Concernant le rangement, il n'est pas aussi généreux que sur un "familial italien" bien sûr, mais il est possible de ranger quelques affaires dans la console (malgré la batterie) et dans le socle des quatre jockeys. Le coffre à mouillage (sans passe-bout) étant intégré au plancher, le pont du Ribcraft est totalement de plain-pied. Celui-ci est en contreplaqué marine, repris en stratification sur des renforts de fond très denses, ce qui explique le poids élevé de ce 21 pieds. Pour les flotteurs, le chantier a choisi un tissu Orca de 1100 décitex (1 670 en option). Le réservoir, encastré au sein des renforts de coque, prenant la forme de cette dernière, est en inox et d'une capacité de 90, 180 ou 225 litres, au choix.
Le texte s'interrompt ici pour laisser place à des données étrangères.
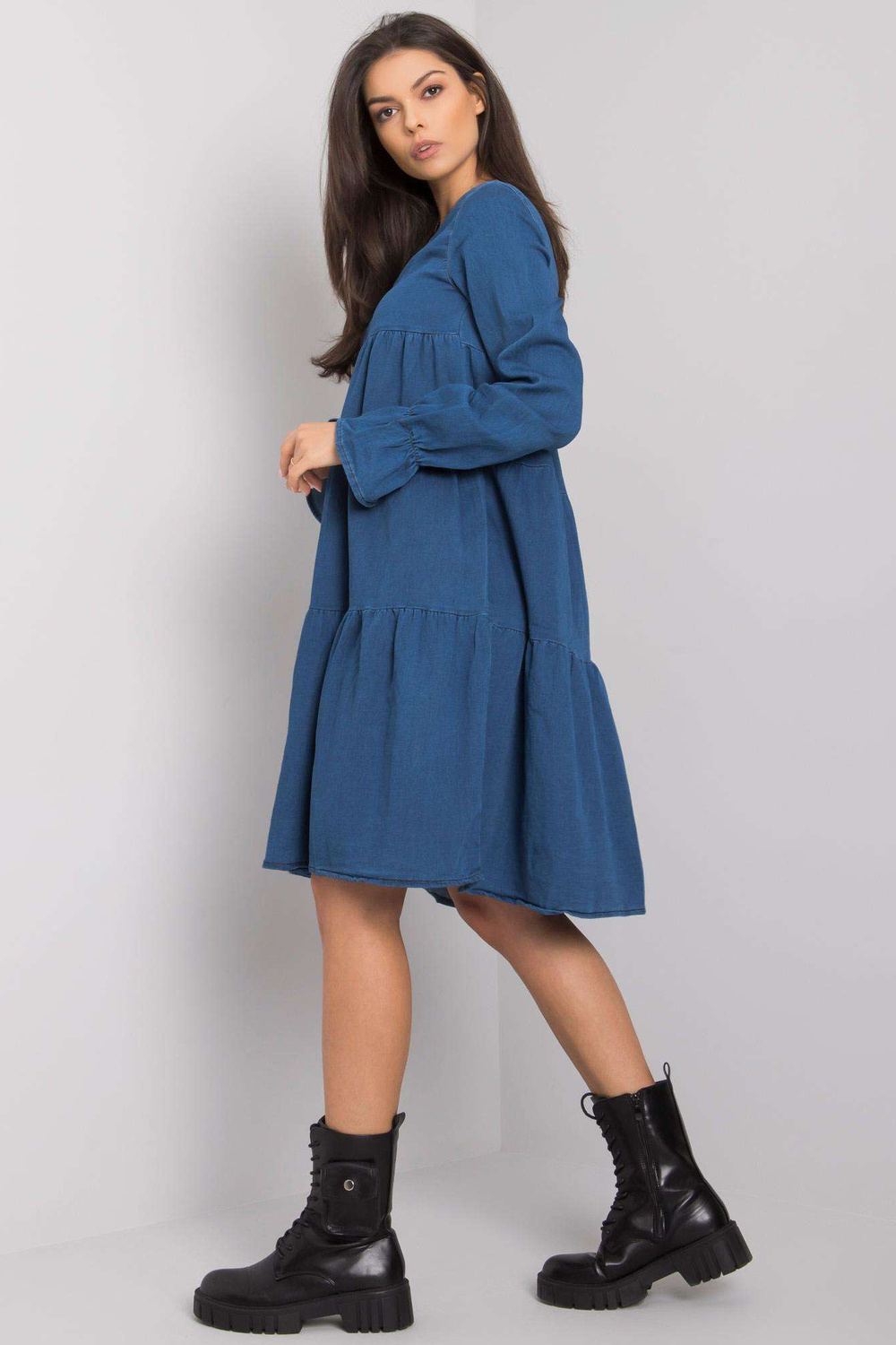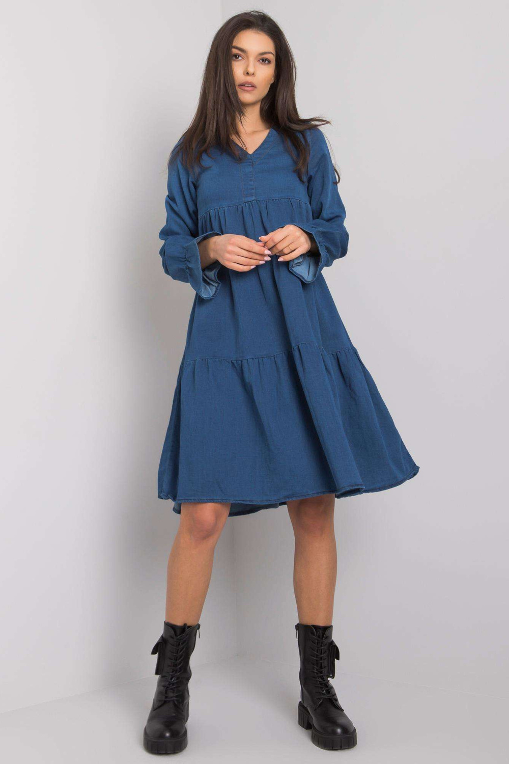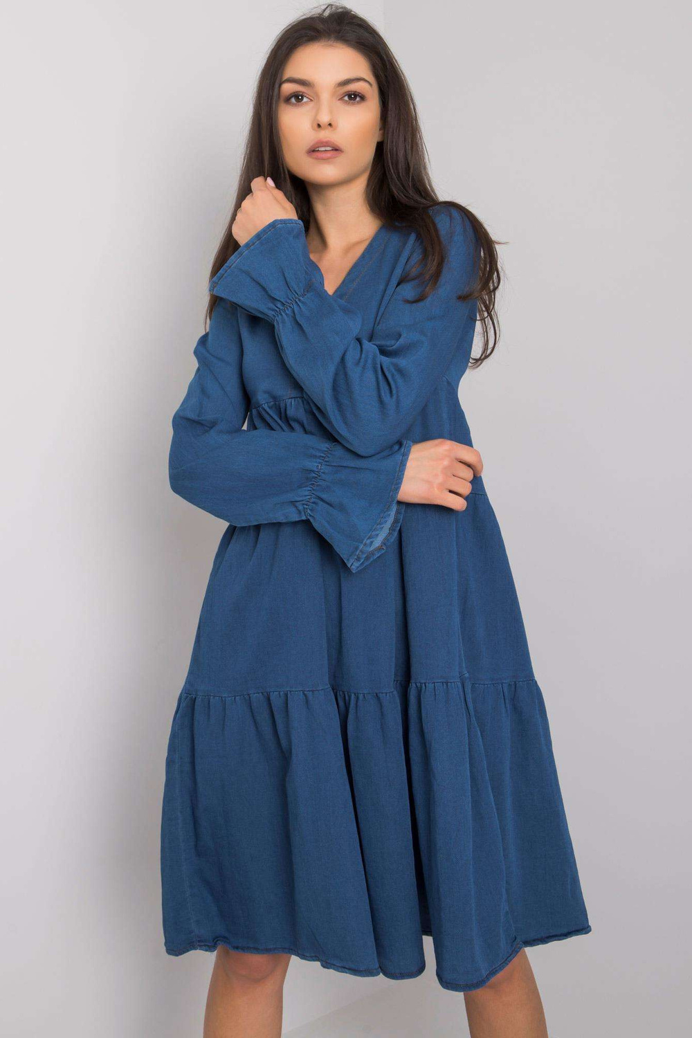 Tamsiai mėlyna moteriška suknelė su raukšlėmis Abbeville RUE PARIS.
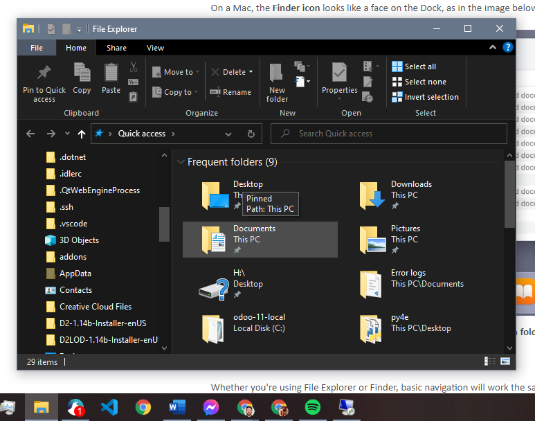 Whether you're using a PC or a Mac, the file system icon will be on the toolbar. On a PC, the File Explorer icon looks like a folder, as in the image below.
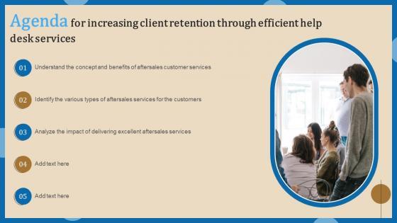Slidegeeks is one of the best resources for PowerPoint templates. You can download easily and regulate Agenda For Increasing Client Retention Through Efficient Help Desk Sample Pdf for your personal presentations from our wonderful collection. A few clicks is all it takes to discover and get the most relevant and appropriate templates. Use our Templates to add a unique zing and appeal to your presentation and meetings. All the slides are easy to edit and you can use them even for advertisement purposes. Our Agenda For Increasing Client Retention Through Efficient Help Desk Sample Pdf are topically designed to provide an attractive backdrop to any subject. Use them to look like a presentation pro.
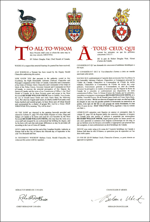 Additional InformationCreator(s)Original concept of Gordon Macpherson, Niagara Herald Extraordinary, assisted by the Heralds of the Canadian Heraldic Authority PainterGordon Macpherson CalligrapherDoris Wionzek Recipient TypeIndividual |
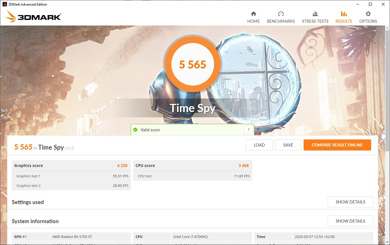 Then we run the benchmark again, but this time it is calculated by the Radeon 5700 XT again, but output on the laptop internal display. Due to the additional data traffic over the Thunderbolt connection, the result drops to 5565 points.
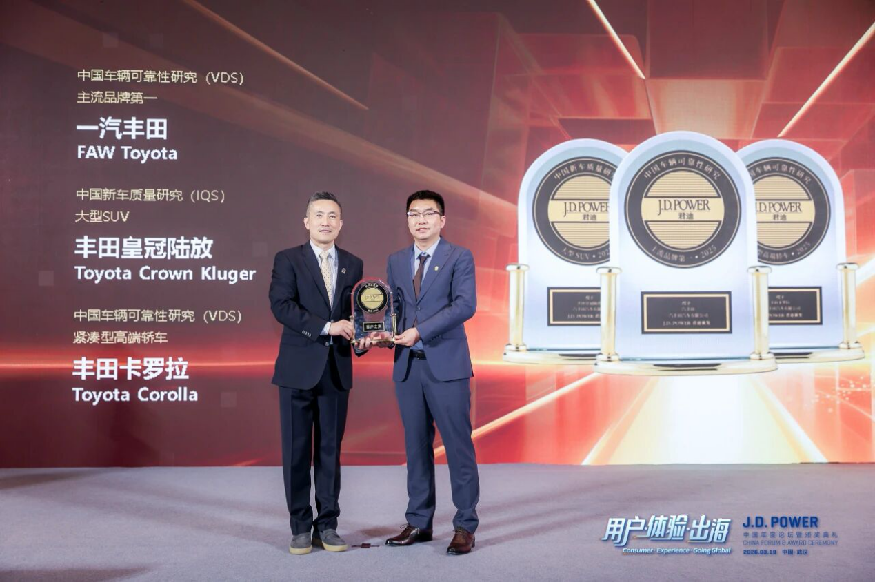 出众的产品实力,更收获了全球权威机构的高度认可。近期,一汽丰田凭借卓越产品品质与稳定用户体验,斩获2025J.D. Power 车辆可靠性+新车质量双重认证,连续四年摘得J.D. Power车辆可靠性研究(VDS)主流品牌第一名,旗下卡罗拉荣获VDS紧凑型高端轿车细分市场第一,皇冠陆放斩获J.D. Power中国新车质量研究(IQS)大型SUV细分市场第一,品牌与车型双维度登顶,用硬核实绩诠释“匠心造好车”的品牌初心,再次印证行业领先的品质实力。
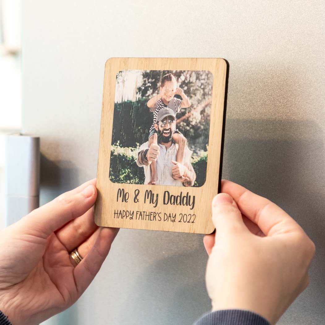Personalised the photo magnet with any text. Please provide the required text in the personalisation field/s, entering it exactly as you would like it to appear on the product e.g. "Me & My Daddy" and "Happy Father's Day 2022".
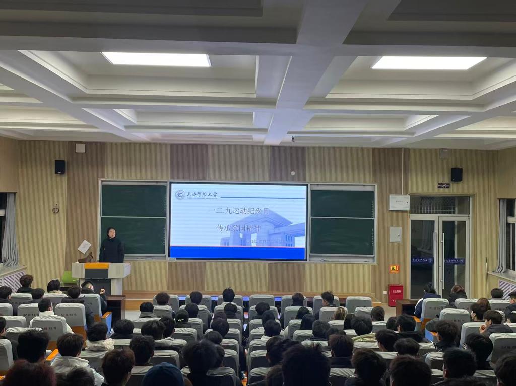 12月9日晚6:30,体育运动与健康学院2025级全体学生在二教122阶梯教室齐聚一堂,召开以“一二·九运动纪念日:传承爱国精神”为主题的年级会议。会议由学院辅导员主持,210名学生全员参与,现场气氛庄重而热烈。
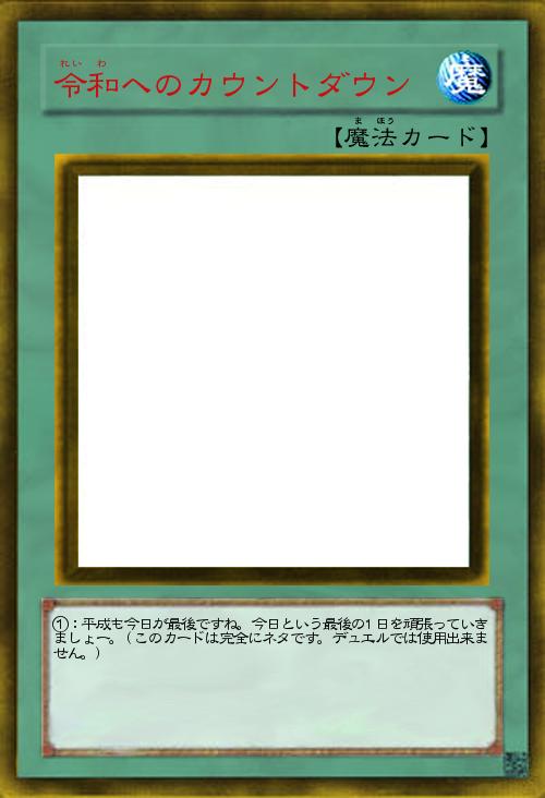 | ①:平成も今日が最後ですね。今日という最後の1日を頑張っていきましょー。(このカードは完全にネタです。デュエルでは使用出来ません。) | |||
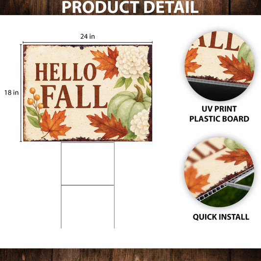 Hello Fall Yard Sign with Green Pumpkin & Flowers – 24x18in Outdoor Lawn Stake, UV Printed Corrugated Plastic Autumn Decor
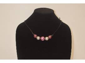 This beaded necklace is adjustable from 18Ó to 30.Ó The five large wooden beads are hand painted.
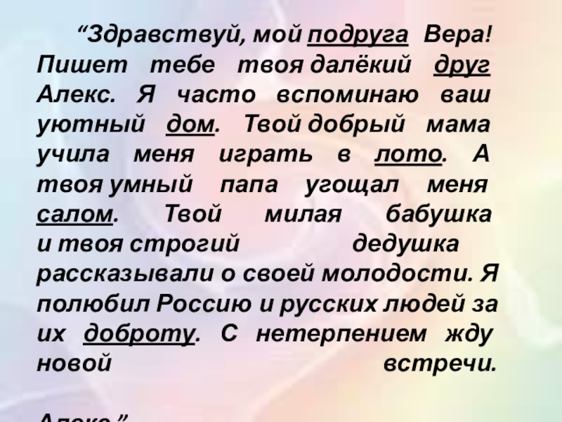 вспоминаю ваш уютный дом. Твой добрый мама учила меня играть в лото. А твоя умный папа угощал меня салом. Твой милая бабушка и твоя строгий дедушка рассказывали о своей молодости. Я полюбил Россию и русских людей за их доброту. С нетерпением жду новой встречи. Алекс.”

Avec une motorisation proche de la puissance maxi (comme notre 175 ch) il est préférable d'opter pour 180 ou 225 litres…



photo Ribcraft 6.40 Pro


photo Ribcraft 6.40 Pro


photo Ribcraft 6.40 Pro


AU PONTON
Comme la plupart des semi-rigides anglais, le Ribcraft ne propose ni solarium, ni table, ni plates-formes de bain... Son domaine de prédilection, c'est la navigation rapide en mer formée, plus que la contemplation des mouillages baignés de soleil. De fait, son cockpit propose des sièges jockey, offrant une position assise efficace et ne prenant pas trop de place sur le plancher, afin de laisser des espaces de circulation pour des activités sportives (pêche, chasse, ski...). Ses passavants n'en demeurent pas moins étroits...




EN MER
La carène en V profond offre un bon passage en mer formée et un confort appréciable. Les flotteurs ne touchant pas l'eau à l'arrêt, le bouchain, légèrement inversé, apporte une certaine stabilité. En entrée de virage rapide, le Ribcraft ne s'inscrit pas naturellement dans la courbe, il faut un peu lui forcer la main, mais ensuite, sa quille s'accroche à la trajectoire avec une grande précision.